Some variables and functions are missing NatSpec comments to explain their purpose. Because the Rage Trade docs are high levels docs, developers working on integrations will likely rely on NatSpec to better understand the protocol.

Technical Details

Several variables and functions could benefit from improved NatSpec:

  1. depositCap: add the comment “Maximum USDC that can be deposited in one round”
  2. depositCap: add the comment “Maximum sGLP that can be deposited in one round”
  3. depositUsdc(), executeBatch(), claimAndRedeem(), rescueFees(), and all internal functions are missing NatSpec in DnGmxBatchingManager.sol.
  4. batchingManager variable in State struct should be marked as deprecated because batching manager integration was removed.
  5. _getBorrowValue() should have a comment to specify the return value is in USDC not USD

Impact

Informational.

Recommendation

Add NatSpec where missing.

10. Informational - Typos in comments

Some typos exist in comments.

Technical Details

These typos were found in comments:

Impact

Informational.

Recommendation

Fix typos.

Final remarks

The mitigations reviewed during this audit demonstrated that the findings from the previous review were understood and fixed. Overall the design shows a lot of thought around key elements of the protocol, and the ability to upgrade contracts and change key parameters is useful for managing positions in a complex strategy.

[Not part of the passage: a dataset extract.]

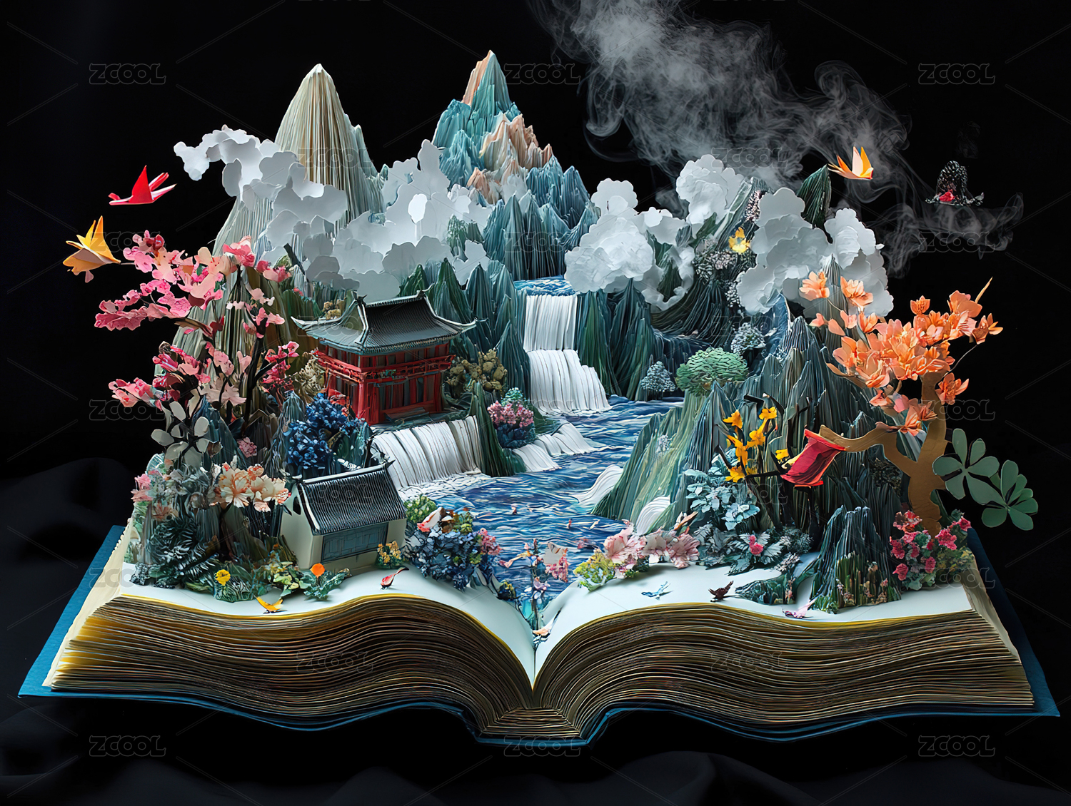 立体书,纸艺,山脉,森林,树木,河流,云雾,山景,自然,景观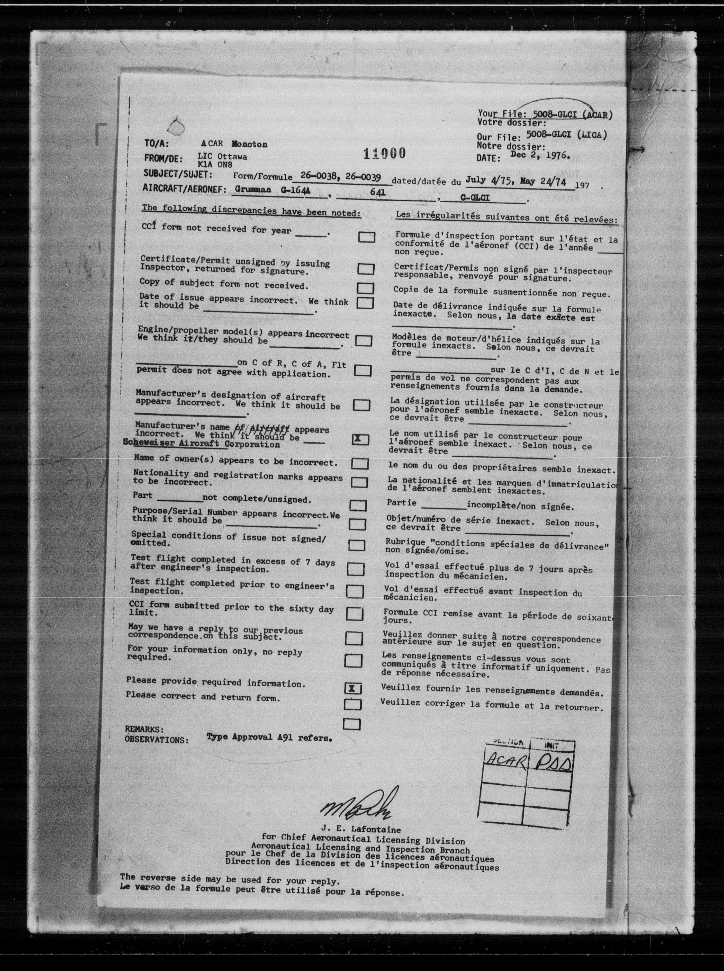Department of Transport : Civil aircraft registration, inspection and operation files, block 5008, 1920-1986 - 7259

One item that was not thoroughly examined during testing but is crucial for the protocol is thorough testing of the upgrade process. A fork of mainnet should undergo the upgrade process and all the key values, such as totalAssets and other values, should be queried to validate they match the expected values, or are the values as the current mainnet deployment. The setup process to test the upgrade deployment against a mainnet fork was not easy to perform at the time the testing happened.